Start of Task data

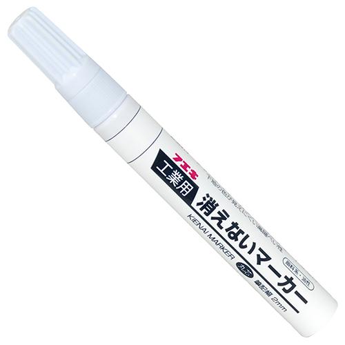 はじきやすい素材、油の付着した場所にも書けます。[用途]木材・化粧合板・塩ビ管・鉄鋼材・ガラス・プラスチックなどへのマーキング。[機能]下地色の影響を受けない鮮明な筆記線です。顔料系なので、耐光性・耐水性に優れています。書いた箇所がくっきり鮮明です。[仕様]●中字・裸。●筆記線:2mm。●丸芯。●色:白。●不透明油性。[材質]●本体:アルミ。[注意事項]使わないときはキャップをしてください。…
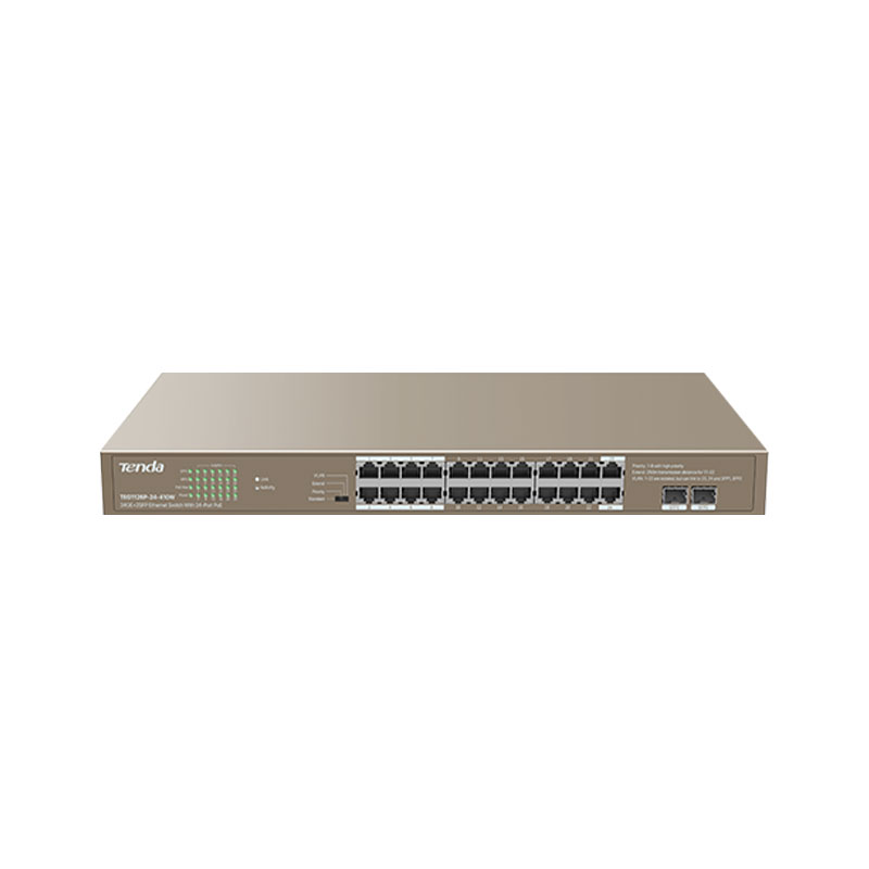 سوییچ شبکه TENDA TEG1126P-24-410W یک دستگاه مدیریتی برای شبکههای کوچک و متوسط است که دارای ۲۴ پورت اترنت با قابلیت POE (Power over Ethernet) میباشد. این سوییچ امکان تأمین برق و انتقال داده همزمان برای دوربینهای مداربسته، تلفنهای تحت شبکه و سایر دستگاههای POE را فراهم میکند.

End of Task data
Start of Task data

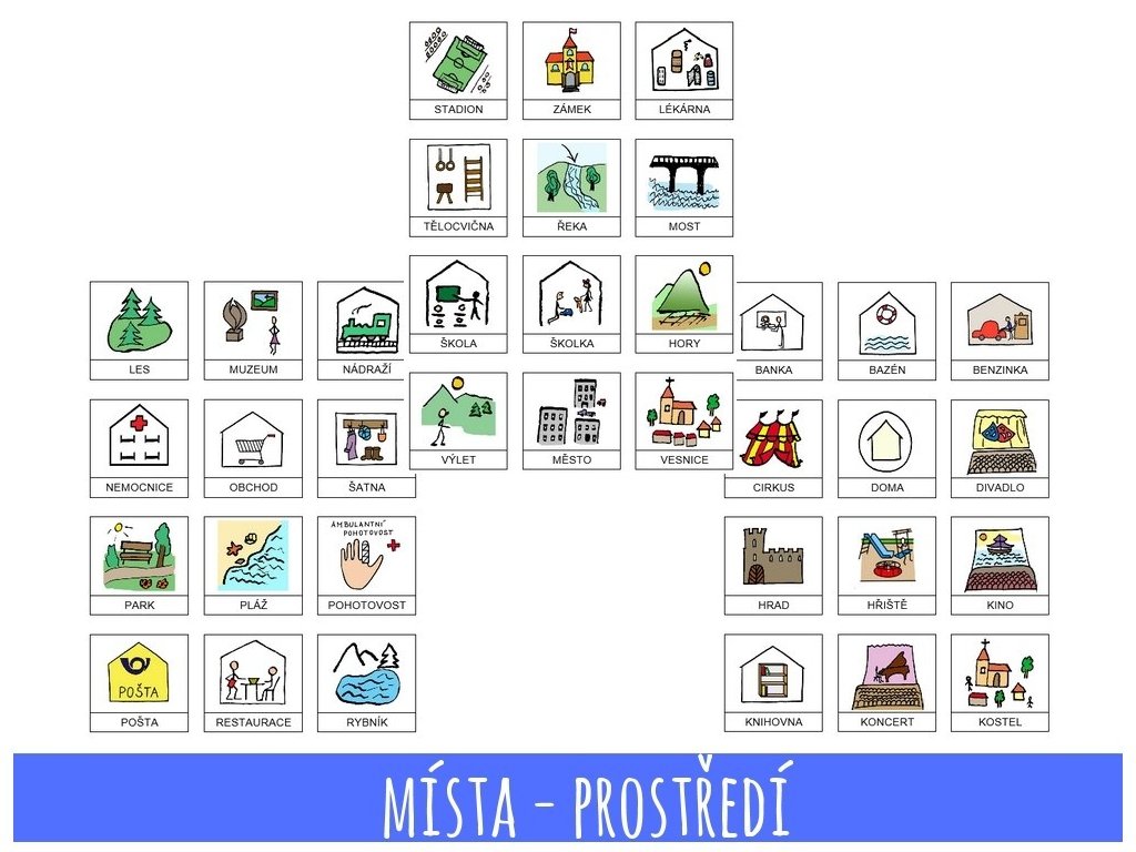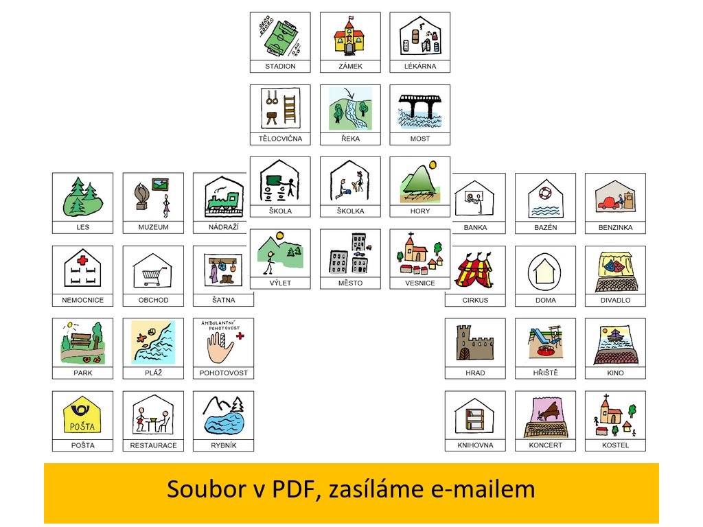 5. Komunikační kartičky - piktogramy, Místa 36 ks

End of Task data
Start of Task data

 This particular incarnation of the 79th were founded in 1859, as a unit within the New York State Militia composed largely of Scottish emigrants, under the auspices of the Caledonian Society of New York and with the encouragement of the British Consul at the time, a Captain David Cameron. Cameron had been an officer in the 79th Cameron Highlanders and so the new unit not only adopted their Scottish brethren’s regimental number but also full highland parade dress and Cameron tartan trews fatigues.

End of Task data

How to complete this task. Using the data above, retype exactly and only the lines from the one containing "はじきやすい素材、油の付着し" up to and including the one containing "سوییچ شبکه TENDA", with no pictures carried over.

Worked solution.
 はじきやすい素材、油の付着した場所にも書けます。[用途]木材・化粧合板・塩ビ管・鉄鋼材・ガラス・プラスチックなどへのマーキング。[機能]下地色の影響を受けない鮮明な筆記線です。顔料系なので、耐光性・耐水性に優れています。書いた箇所がくっきり鮮明です。[仕様]●中字・裸。●筆記線:2mm。●丸芯。●色:白。●不透明油性。[材質]●本体:アルミ。[注意事項]使わないときはキャップをしてください。…
 سوییچ شبکه TENDA TEG1126P-24-410W یک دستگاه مدیریتی برای شبکههای کوچک و متوسط است که دارای ۲۴ پورت اترنت با قابلیت POE (Power over Ethernet) میباشد. این سوییچ امکان تأمین برق و انتقال داده همزمان برای دوربینهای مداربسته، تلفنهای تحت شبکه و سایر دستگاههای POE را فراهم میکند.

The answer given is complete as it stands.